# What the exercise asks
Within the entries below, please return exactly the lines from the one with "The RYSE SmartBridge add-on offers" through the one with "今天又是想办法打发剩饭一天😆十分钟肉末蒸茄子~好次😋", leaving out any pictures.

# Records shown
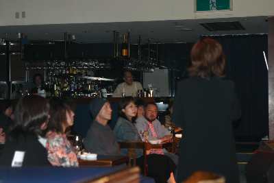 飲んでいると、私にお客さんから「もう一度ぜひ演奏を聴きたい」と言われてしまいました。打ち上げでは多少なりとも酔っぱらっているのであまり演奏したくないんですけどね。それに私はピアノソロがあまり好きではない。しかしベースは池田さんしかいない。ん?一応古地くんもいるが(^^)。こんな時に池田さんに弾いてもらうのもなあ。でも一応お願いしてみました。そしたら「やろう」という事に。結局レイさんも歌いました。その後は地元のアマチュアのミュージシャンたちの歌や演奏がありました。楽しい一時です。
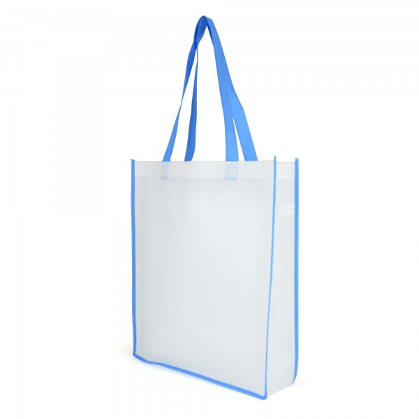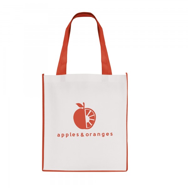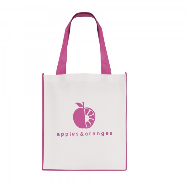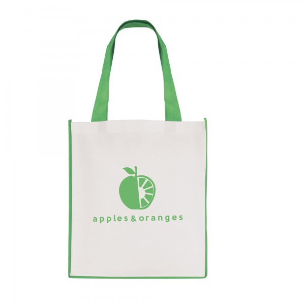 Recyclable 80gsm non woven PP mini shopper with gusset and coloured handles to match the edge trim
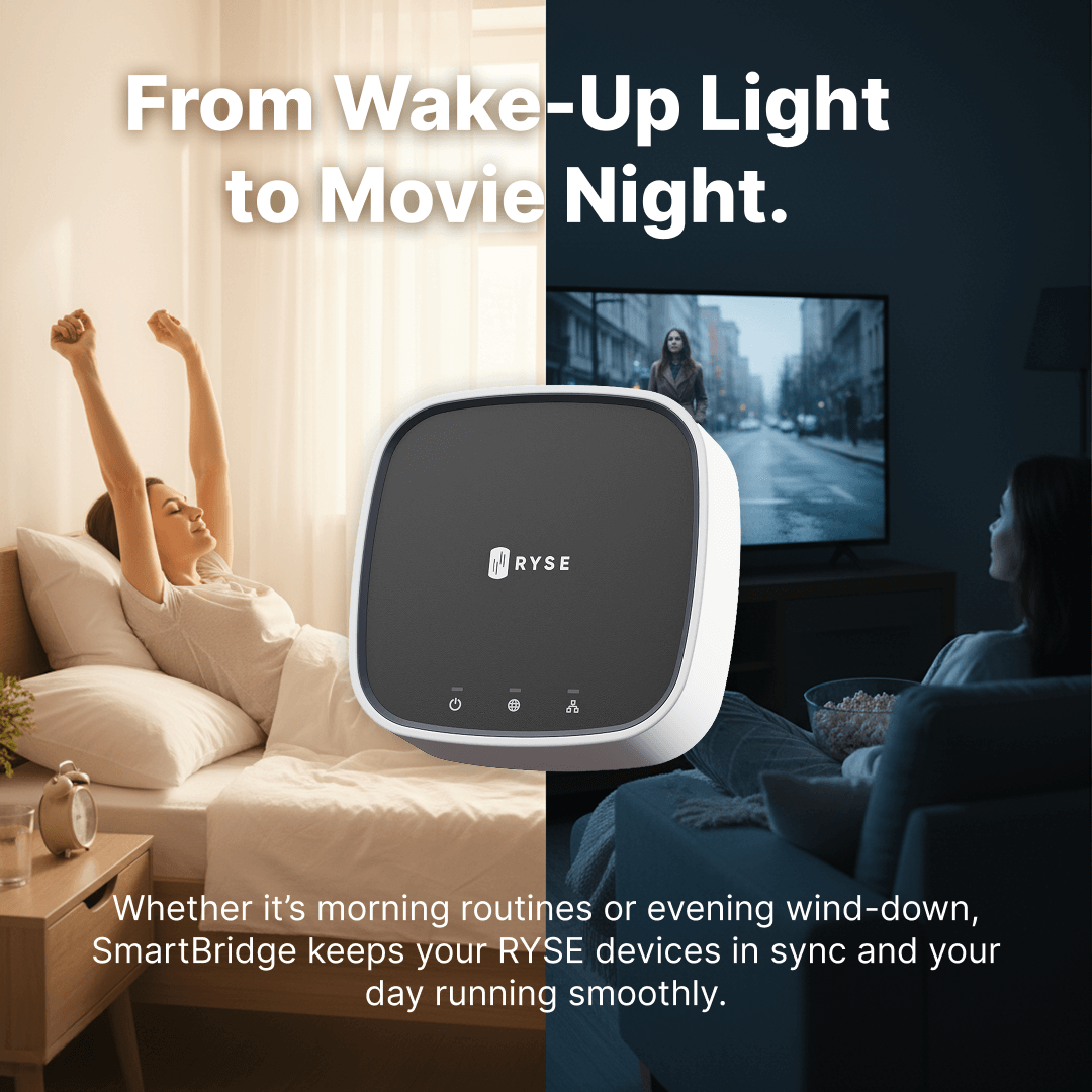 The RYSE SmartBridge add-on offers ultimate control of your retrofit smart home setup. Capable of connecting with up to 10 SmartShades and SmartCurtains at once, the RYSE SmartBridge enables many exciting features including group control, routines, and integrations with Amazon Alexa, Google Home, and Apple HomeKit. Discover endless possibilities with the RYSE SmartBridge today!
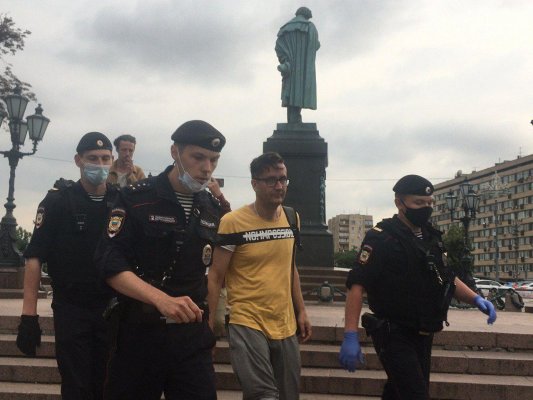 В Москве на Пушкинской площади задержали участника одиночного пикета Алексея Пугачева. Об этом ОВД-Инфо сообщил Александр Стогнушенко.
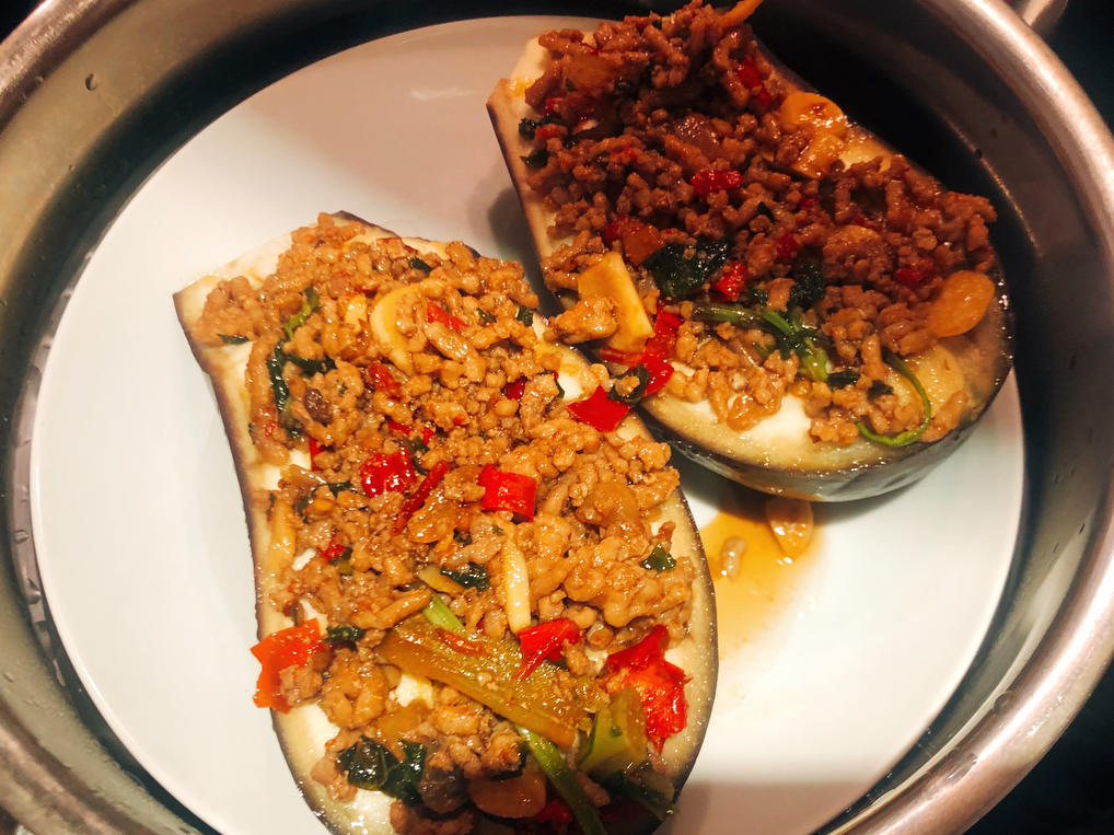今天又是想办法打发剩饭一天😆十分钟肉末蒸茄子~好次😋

---

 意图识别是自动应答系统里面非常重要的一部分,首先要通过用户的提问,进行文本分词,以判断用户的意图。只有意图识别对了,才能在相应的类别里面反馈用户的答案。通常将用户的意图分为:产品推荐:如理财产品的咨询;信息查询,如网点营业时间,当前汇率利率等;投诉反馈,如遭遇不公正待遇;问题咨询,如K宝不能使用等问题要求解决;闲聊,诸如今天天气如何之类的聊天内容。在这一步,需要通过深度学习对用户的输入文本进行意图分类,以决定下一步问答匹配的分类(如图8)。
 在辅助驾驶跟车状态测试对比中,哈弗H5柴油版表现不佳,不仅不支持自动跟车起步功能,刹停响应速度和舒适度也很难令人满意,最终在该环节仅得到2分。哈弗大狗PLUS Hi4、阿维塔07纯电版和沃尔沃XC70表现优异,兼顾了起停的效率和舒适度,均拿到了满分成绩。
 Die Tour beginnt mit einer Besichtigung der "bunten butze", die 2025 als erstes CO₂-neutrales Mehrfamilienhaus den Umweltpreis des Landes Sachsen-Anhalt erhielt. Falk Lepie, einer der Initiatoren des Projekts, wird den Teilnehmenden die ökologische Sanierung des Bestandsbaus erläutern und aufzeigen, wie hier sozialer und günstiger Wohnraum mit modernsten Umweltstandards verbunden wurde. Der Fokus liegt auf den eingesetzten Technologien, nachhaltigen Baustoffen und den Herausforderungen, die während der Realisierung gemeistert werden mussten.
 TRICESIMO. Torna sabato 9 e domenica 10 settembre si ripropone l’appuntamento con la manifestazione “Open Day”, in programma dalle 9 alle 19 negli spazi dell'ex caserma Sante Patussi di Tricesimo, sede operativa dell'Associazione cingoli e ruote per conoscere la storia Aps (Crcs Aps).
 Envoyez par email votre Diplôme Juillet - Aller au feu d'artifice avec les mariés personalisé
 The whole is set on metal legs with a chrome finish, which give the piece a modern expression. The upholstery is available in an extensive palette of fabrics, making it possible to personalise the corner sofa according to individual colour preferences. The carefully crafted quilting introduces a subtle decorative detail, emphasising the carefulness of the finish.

...

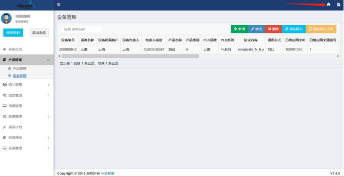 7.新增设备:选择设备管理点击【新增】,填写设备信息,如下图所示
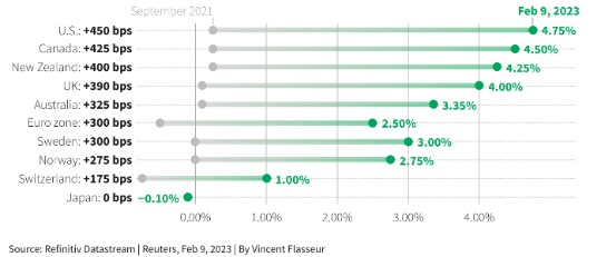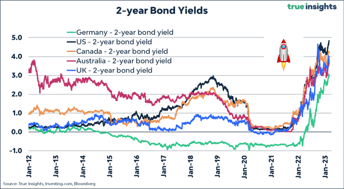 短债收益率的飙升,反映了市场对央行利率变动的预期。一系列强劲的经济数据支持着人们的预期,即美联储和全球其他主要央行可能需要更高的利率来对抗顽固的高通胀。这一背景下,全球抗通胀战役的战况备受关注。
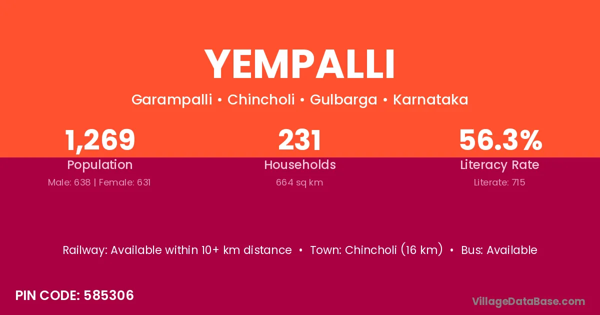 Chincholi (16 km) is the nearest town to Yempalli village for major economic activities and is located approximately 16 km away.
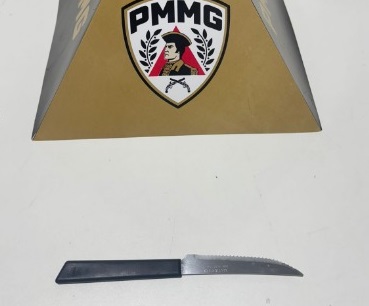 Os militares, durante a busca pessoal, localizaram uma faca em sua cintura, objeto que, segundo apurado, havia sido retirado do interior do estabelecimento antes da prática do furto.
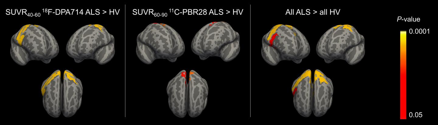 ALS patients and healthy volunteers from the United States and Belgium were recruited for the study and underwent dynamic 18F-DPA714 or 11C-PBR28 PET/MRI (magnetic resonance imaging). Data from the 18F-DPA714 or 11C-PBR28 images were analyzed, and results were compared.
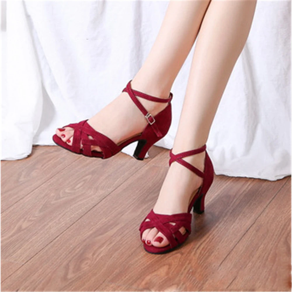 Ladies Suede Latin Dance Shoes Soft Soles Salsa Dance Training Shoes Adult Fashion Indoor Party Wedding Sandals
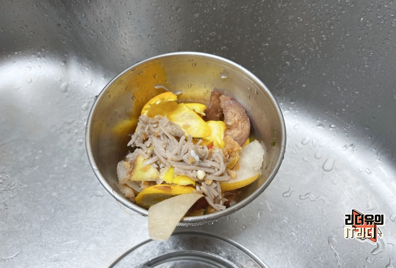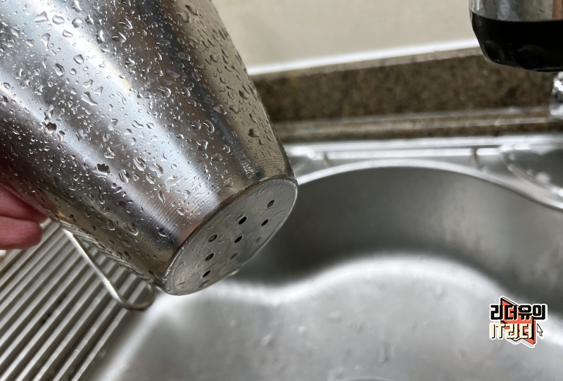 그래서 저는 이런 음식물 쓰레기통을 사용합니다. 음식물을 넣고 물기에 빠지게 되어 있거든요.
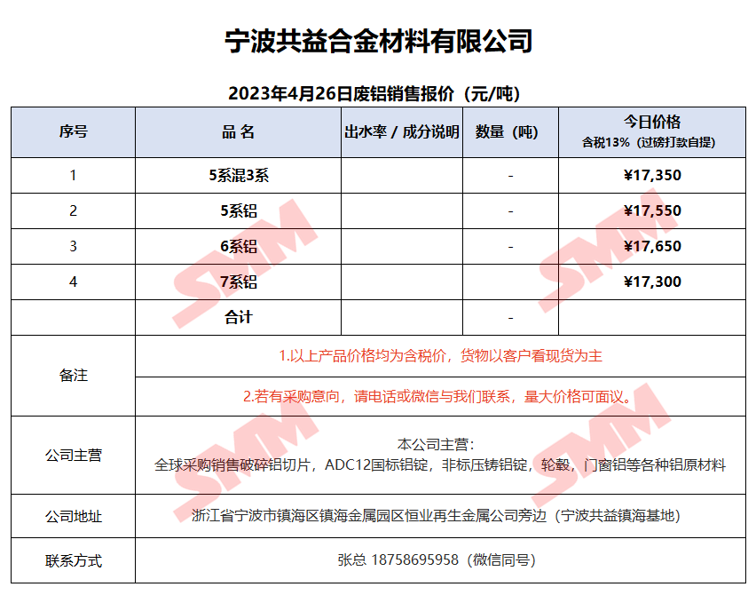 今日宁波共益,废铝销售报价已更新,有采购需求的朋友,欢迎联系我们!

# Answer to this task
 The RYSE SmartBridge add-on offers ultimate control of your retrofit smart home setup. Capable of connecting with up to 10 SmartShades and SmartCurtains at once, the RYSE SmartBridge enables many exciting features including group control, routines, and integrations with Amazon Alexa, Google Home, and Apple HomeKit. Discover endless possibilities with the RYSE SmartBridge today!
 В Москве на Пушкинской площади задержали участника одиночного пикета Алексея Пугачева. Об этом ОВД-Инфо сообщил Александр Стогнушенко.
今天又是想办法打发剩饭一天😆十分钟肉末蒸茄子~好次😋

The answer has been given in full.